ASSIGNED TASK
Exactly as they appear below, repeat the lines from the one with "持ってきた箱でいろいろなもの" through the one with "Vintage 90s Mens", and no others.

RECORD EXCERPTS
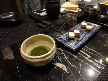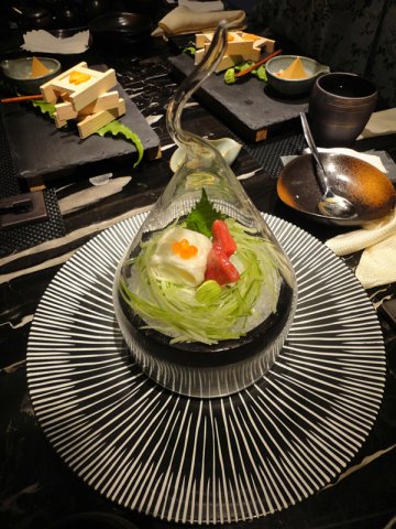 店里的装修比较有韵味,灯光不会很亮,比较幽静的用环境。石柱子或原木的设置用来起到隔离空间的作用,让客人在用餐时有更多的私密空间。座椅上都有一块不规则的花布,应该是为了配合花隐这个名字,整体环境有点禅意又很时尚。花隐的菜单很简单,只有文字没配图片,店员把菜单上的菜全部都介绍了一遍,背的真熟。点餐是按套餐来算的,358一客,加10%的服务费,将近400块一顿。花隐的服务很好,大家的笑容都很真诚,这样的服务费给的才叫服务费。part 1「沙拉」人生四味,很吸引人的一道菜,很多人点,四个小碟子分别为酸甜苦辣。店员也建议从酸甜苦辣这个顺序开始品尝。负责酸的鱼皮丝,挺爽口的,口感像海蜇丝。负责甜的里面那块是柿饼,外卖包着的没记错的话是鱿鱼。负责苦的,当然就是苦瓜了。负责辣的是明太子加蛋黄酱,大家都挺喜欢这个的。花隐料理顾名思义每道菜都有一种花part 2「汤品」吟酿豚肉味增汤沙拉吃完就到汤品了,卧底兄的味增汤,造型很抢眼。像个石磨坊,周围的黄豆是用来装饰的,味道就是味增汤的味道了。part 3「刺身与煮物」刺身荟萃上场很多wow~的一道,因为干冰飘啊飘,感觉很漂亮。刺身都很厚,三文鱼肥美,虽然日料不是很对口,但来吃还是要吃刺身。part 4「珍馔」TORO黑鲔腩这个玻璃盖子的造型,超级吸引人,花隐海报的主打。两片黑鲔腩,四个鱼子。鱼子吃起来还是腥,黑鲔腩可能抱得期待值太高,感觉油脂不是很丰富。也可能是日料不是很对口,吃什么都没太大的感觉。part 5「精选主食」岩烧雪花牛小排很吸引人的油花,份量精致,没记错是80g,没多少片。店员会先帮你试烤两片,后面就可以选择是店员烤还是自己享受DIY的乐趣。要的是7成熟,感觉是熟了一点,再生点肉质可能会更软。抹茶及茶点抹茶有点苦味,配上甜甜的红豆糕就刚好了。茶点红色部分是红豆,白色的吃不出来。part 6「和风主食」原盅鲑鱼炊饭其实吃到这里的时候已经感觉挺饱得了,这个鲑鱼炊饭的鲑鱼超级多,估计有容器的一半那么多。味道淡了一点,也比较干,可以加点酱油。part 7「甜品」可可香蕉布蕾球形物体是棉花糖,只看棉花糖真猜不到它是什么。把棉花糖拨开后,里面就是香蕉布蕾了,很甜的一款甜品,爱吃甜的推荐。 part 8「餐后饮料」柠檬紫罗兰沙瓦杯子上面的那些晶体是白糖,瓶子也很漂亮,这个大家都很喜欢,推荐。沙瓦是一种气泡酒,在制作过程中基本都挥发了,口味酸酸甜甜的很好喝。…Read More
--
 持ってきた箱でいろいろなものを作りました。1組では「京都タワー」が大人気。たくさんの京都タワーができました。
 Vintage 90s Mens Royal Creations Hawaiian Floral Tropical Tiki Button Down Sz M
==
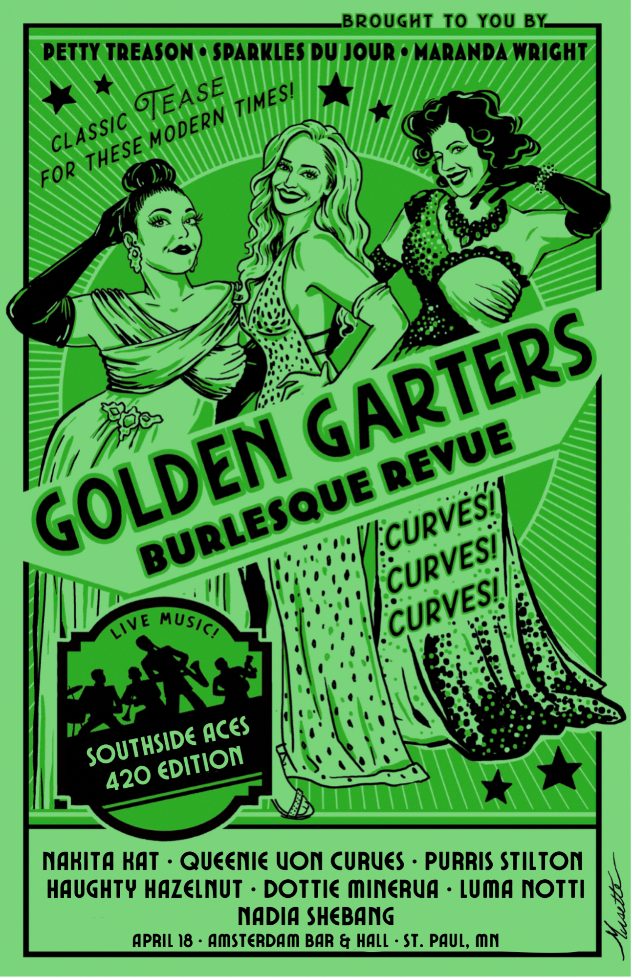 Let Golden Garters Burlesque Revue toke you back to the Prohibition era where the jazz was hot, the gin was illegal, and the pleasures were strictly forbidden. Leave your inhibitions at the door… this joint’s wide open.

EXPECTED ANSWER
 持ってきた箱でいろいろなものを作りました。1組では「京都タワー」が大人気。たくさんの京都タワーができました。
 Vintage 90s Mens Royal Creations Hawaiian Floral Tropical Tiki Button Down Sz M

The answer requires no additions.